**** PROVIDED DATA

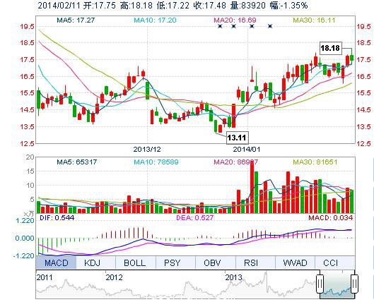 | 今 開: | 17.75 | 成交量: | 8.39萬(wàn)手 | 振 幅: | 5.42% |
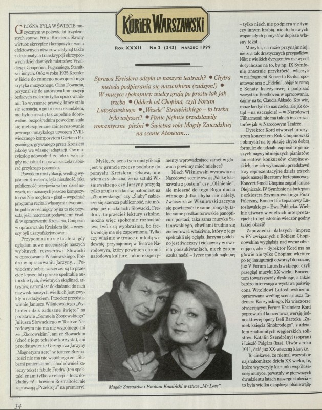 Archiwum / Kurier Warszawski nr 2808 (28/1999) 121620/123969 Podziel się Tytuł Kurier Warszawski Autor Lucjan Kydryński Rubryka Kurier Warszawski Artykuł z numeru 2808 (2809/1999) Data wydania 18 kwietnia 1999 Tagi teatr pieśni
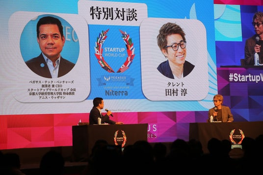 また、昨年度のスタートアップワールドカップ東京予選で優勝し、その後世界決勝戦でも優勝を手にしたアイリス株式会社(https://aillis.jp/) 代表取締役の 沖山翔氏、同じく昨年度の京都予選で優勝に輝き、世界決勝戦でもファイナリストに残ったHOMMA Group株式会社(https://www.hom.ma/) 代表取締役 本間毅氏が今年、世界に挑戦するスタートアップへアドバイスと同大会への挑戦したことによる飛躍的な事業拡大のエピソードをスピーチしました。
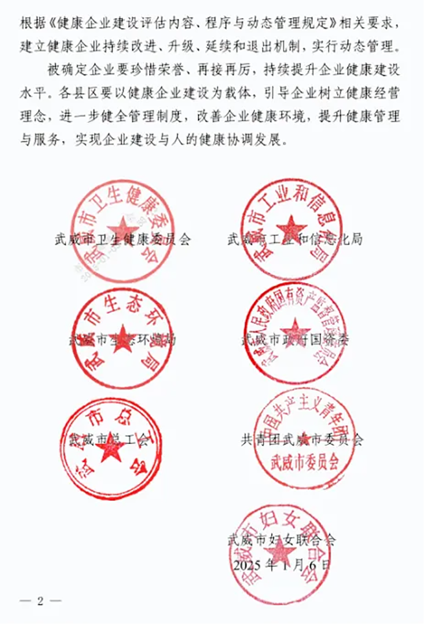 近日,甘肅普安制藥股份有限公司憑借其在健康企業建設方面的卓越表現,榮獲武威市“健康企業”榮譽稱號。這一殊榮是對公司貫徹“健康中國戰略”、推進“健康企業”建設成果的高度認可,標志著公司在健全管理制度、建設健康環境、營造健康文化等方面取得了顯著成效。

********

ACTIVITY: Copy the material above exactly and drop the pictures.

OUTPUT BELOW:
 | 今 開: | 17.75 | 成交量: | 8.39萬(wàn)手 | 振 幅: | 5.42% |
 Archiwum / Kurier Warszawski nr 2808 (28/1999) 121620/123969 Podziel się Tytuł Kurier Warszawski Autor Lucjan Kydryński Rubryka Kurier Warszawski Artykuł z numeru 2808 (2809/1999) Data wydania 18 kwietnia 1999 Tagi teatr pieśni
 また、昨年度のスタートアップワールドカップ東京予選で優勝し、その後世界決勝戦でも優勝を手にしたアイリス株式会社(https://aillis.jp/) 代表取締役の 沖山翔氏、同じく昨年度の京都予選で優勝に輝き、世界決勝戦でもファイナリストに残ったHOMMA Group株式会社(https://www.hom.ma/) 代表取締役 本間毅氏が今年、世界に挑戦するスタートアップへアドバイスと同大会への挑戦したことによる飛躍的な事業拡大のエピソードをスピーチしました。
 近日,甘肅普安制藥股份有限公司憑借其在健康企業建設方面的卓越表現,榮獲武威市“健康企業”榮譽稱號。這一殊榮是對公司貫徹“健康中國戰略”、推進“健康企業”建設成果的高度認可,標志著公司在健全管理制度、建設健康環境、營造健康文化等方面取得了顯著成效。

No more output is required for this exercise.